----- Data for the task -----

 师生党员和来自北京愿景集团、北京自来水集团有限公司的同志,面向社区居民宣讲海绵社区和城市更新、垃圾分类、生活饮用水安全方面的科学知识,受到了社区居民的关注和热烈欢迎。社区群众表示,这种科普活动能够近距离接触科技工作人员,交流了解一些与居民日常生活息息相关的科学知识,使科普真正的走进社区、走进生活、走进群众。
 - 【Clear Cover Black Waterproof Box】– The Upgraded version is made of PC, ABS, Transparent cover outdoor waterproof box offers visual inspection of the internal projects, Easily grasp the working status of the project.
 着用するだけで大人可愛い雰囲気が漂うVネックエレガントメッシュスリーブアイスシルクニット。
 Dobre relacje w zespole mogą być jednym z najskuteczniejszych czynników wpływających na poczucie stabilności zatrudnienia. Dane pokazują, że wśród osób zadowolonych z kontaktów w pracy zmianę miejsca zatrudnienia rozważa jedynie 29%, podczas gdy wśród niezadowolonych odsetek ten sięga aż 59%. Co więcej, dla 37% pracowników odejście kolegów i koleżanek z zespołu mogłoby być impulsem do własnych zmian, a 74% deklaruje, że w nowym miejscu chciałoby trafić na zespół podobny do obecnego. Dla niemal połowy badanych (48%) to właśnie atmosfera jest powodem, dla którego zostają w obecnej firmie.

-----
----- Data for the task -----

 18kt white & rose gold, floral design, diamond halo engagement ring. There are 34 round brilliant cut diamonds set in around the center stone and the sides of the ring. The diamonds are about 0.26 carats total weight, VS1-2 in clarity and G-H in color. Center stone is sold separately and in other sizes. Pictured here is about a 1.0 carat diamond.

-----

Give back precisely the lines above that start at the line containing "师生党员和来自北京愿景集团、" and end at the line containing "着用するだけで大人可愛い雰囲", inclusive. No other lines belong in the output.

Exercise output -
 师生党员和来自北京愿景集团、北京自来水集团有限公司的同志,面向社区居民宣讲海绵社区和城市更新、垃圾分类、生活饮用水安全方面的科学知识,受到了社区居民的关注和热烈欢迎。社区群众表示,这种科普活动能够近距离接触科技工作人员,交流了解一些与居民日常生活息息相关的科学知识,使科普真正的走进社区、走进生活、走进群众。
 - 【Clear Cover Black Waterproof Box】– The Upgraded version is made of PC, ABS, Transparent cover outdoor waterproof box offers visual inspection of the internal projects, Easily grasp the working status of the project.
 着用するだけで大人可愛い雰囲気が漂うVネックエレガントメッシュスリーブアイスシルクニット。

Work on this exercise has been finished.